* _Task brief_
Print the whole listing again exactly as it stands, leaving out any images.

* _Data block_
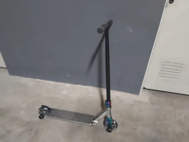 Patinete de estilo freestyle, ideal para trucos y acrobacias. - Plataforma metálica. - Manillar negro. - Ruedas con detalles de colores.
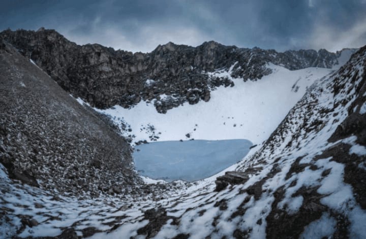 In the Himalayas under the northern remote areas of India, hiding a glacial lake only one-seventh the size of the court, called Lupkon Lake, Lupkon Lake is irregularly round, only less than 40 meters in diameter, the deepest place is only 3 meters. The lake is in a frozen state most of the year, only in the spring and summer, there will be a few weeks of brief melting, this time the clear bottom of the lake will emerge a large number of skeletons, these skeletons do not belong to any animal, all are human skeletons, Lupu Kang Lake then fame, known as the skeleton lake.
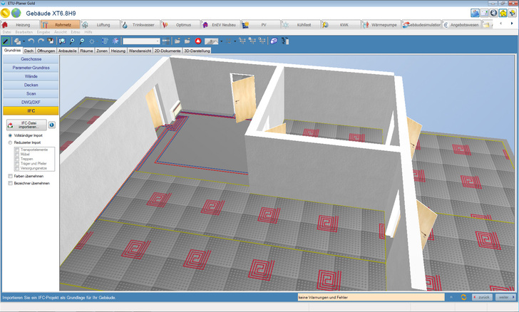 Wer keine tiefgehenden 3D-Kenntnisse hat, sollte sich nicht abschrecken lassen. Eine integrierte CAD-Funktionalität ist enthalten und dadurch für viele Gewerke nutzbar. „HottCAD“ vereint notwendige Grundeingaben (Länge, Breite, Höhe) von Gebäuden, Räumen und Bauteilen, sowie gewerkspezifische Eingaben (Rohrnetzzeichnungen, U-Werte, Wohneinheiten, Zonen etc.). Diese Daten werden anschließend an die jeweiligen Berechnungsanwendungen übergeben. Nachweise, Stücklisten, Planungsunterlagen oder auch Ausschreibungen und Angebote können im ETU-Planer abgeleitet und editiert werden.

* _Response area_
 Patinete de estilo freestyle, ideal para trucos y acrobacias. - Plataforma metálica. - Manillar negro. - Ruedas con detalles de colores.
 In the Himalayas under the northern remote areas of India, hiding a glacial lake only one-seventh the size of the court, called Lupkon Lake, Lupkon Lake is irregularly round, only less than 40 meters in diameter, the deepest place is only 3 meters. The lake is in a frozen state most of the year, only in the spring and summer, there will be a few weeks of brief melting, this time the clear bottom of the lake will emerge a large number of skeletons, these skeletons do not belong to any animal, all are human skeletons, Lupu Kang Lake then fame, known as the skeleton lake.
 Wer keine tiefgehenden 3D-Kenntnisse hat, sollte sich nicht abschrecken lassen. Eine integrierte CAD-Funktionalität ist enthalten und dadurch für viele Gewerke nutzbar. „HottCAD“ vereint notwendige Grundeingaben (Länge, Breite, Höhe) von Gebäuden, Räumen und Bauteilen, sowie gewerkspezifische Eingaben (Rohrnetzzeichnungen, U-Werte, Wohneinheiten, Zonen etc.). Diese Daten werden anschließend an die jeweiligen Berechnungsanwendungen übergeben. Nachweise, Stücklisten, Planungsunterlagen oder auch Ausschreibungen und Angebote können im ETU-Planer abgeleitet und editiert werden.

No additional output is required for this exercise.